Go XML Improvements
Having used the encoding/xml package quite a bit now, there are a number of improvements I'd like to see.
- Speed. Unmarshaling can achieve ~10-60 MB/s throughput on a 2018 Desktop CPU. By comparison, high performance C++ xml libraries such as pugixml can achieve ~1-2 GB/s parsing throughput.
- An easier way to map struct fields back to input bytes. When using xml as a file format, a common use case is unmarshaling followed by validation. When validation errors occur, it's useful to output where in the file they occur (line and column). This can sort of be achieved for elements but not attributes using the InputOffset method. It's not easy.
- Treat unknown elements/attributes as errors. The json package has DisallowUnknownFields which does this but it only returns the first unknown. For file format validation, the user might want all unknown elements/attributes.
- Treat duplicate elements as errors. When there is a single receiver (not a slice) and duplicate elements in the input, the final value will overwrite all previous values. There are cases where we want to catch this and treat it as an error without having to use slice receivers everywhere.

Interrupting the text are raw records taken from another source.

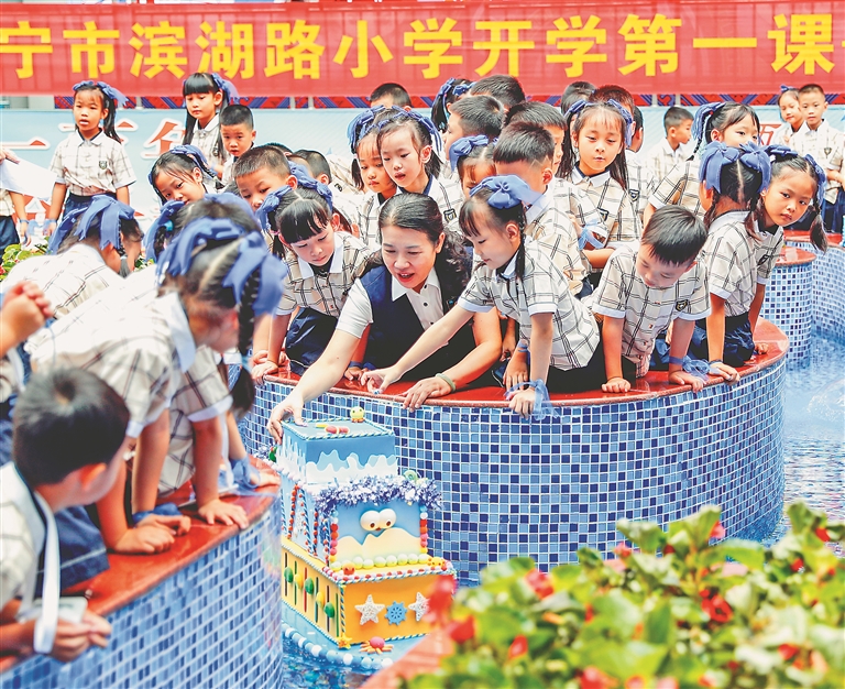 8月28日,南宁市滨湖路小学的学生们和校长谢小燕一起将学生自制的“梦想船”放入水中。 当日,广西南宁市滨湖路小学举行以“播种科学梦想”为主题的“开学第一课”暨科创节开幕式活动,通过科学情景剧、科学小实验、科学梦想分享等方式引导学生感受科学的魅力。
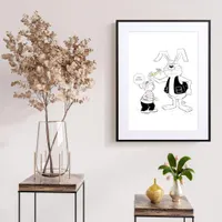 【現代アートポスター】アメリカンポップ コミカル モノトーン うさぎ 子ども ピザ イラスト A3(M) フレームセット:黒 40.0×51.5cm
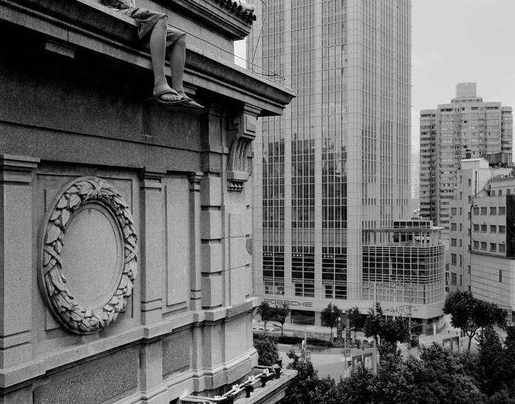 艺术家胡介鸣在作品《儿子》中,将还显瘦弱的儿子置于宏阔的城市空间中,呈现了人与城市的关系,但也似乎展现了父亲对儿子未来的关注和展望。
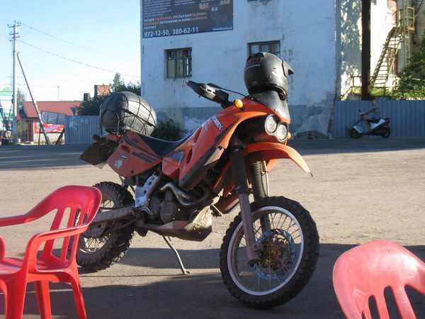 В Петрозаводске нас встретил Женя. Проводил до клубного гаража, где мы не откладывая провели небольшое ТО: Лёха заменил масло, а я подтянул и смазал цепь.
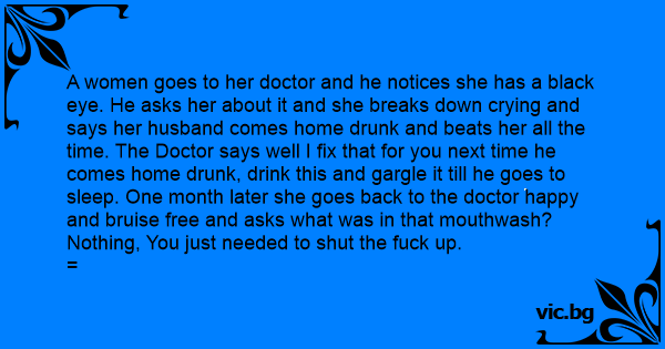 A women goes to her doctor and he notices she has a black eye. He asks her about it and she breaks down crying and says her husband comes home drunк and beats her all the time. The Doctor says well I fix that for you next time he comes home drunк, drink this and gargle it till he goes to sleep. One month later she goes back to the doctor happy and bruise free and asks what was in that mouthwash? Nothing, You just needed to shut the fuск up.
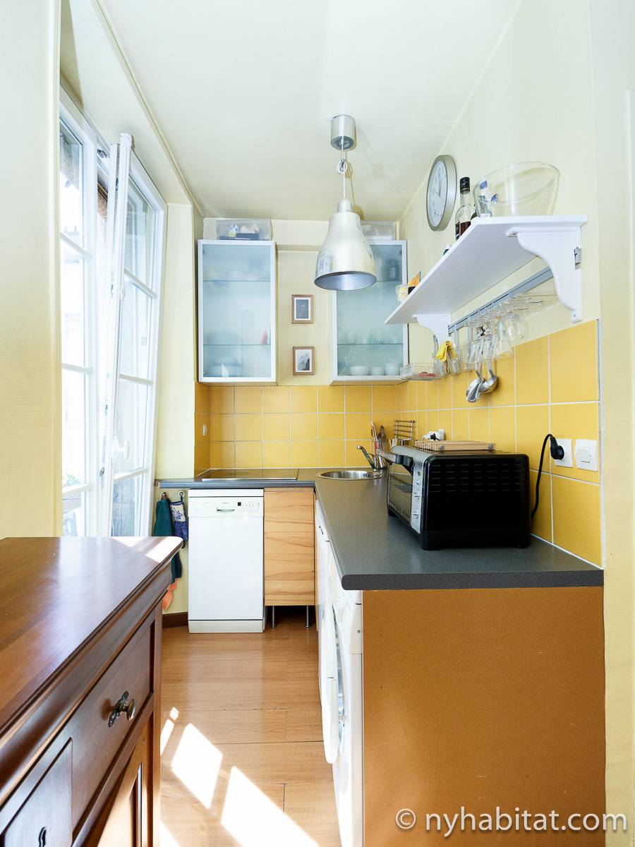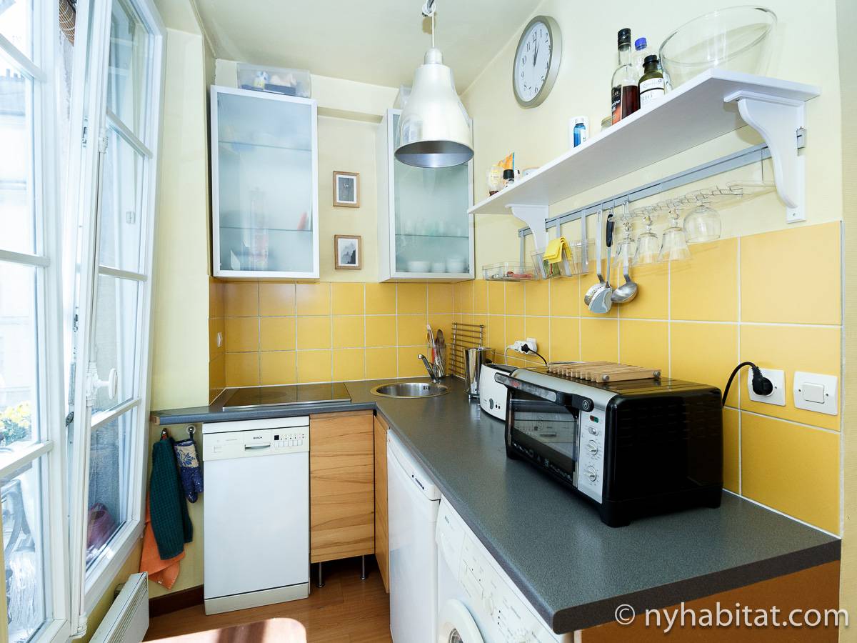 The open kitchen is equipped with four vitro ceramic plates, an oven, a refrigerator, a dishwasher and a toaster. There is also a washing machine.

- Remove the nested element xml tag. This one I don't feel as strongly about but it can produce inconsistent behavior between marshaling and unmarshaling (example). The inconsistency is clearly documented.
I think most of these changes belong outside of the standard library. The standard library is striking a difficult balance of supporting many different use cases while maintaining a simple API, safety, adhering to the xml spec, and mapping xml to go. rsc's BUG comment notes the challenge.
Mapping between XML elements and data structures is inherently flawed: an XML element is an order-dependent collection of anonymous values, while a data structure is an order-independent collection of named values. See package json for a textual representation more suitable to data structures.
Finally, one of the neat tricks you can use for unmarshaling arbitrary xml trees is a recursive definition.
type Element struct { XMLName xml.Name CharData string `xml:",chardata"` Attrs []xml.Attr `xml:",any,attr"` Elems []Element `xml:",any"` }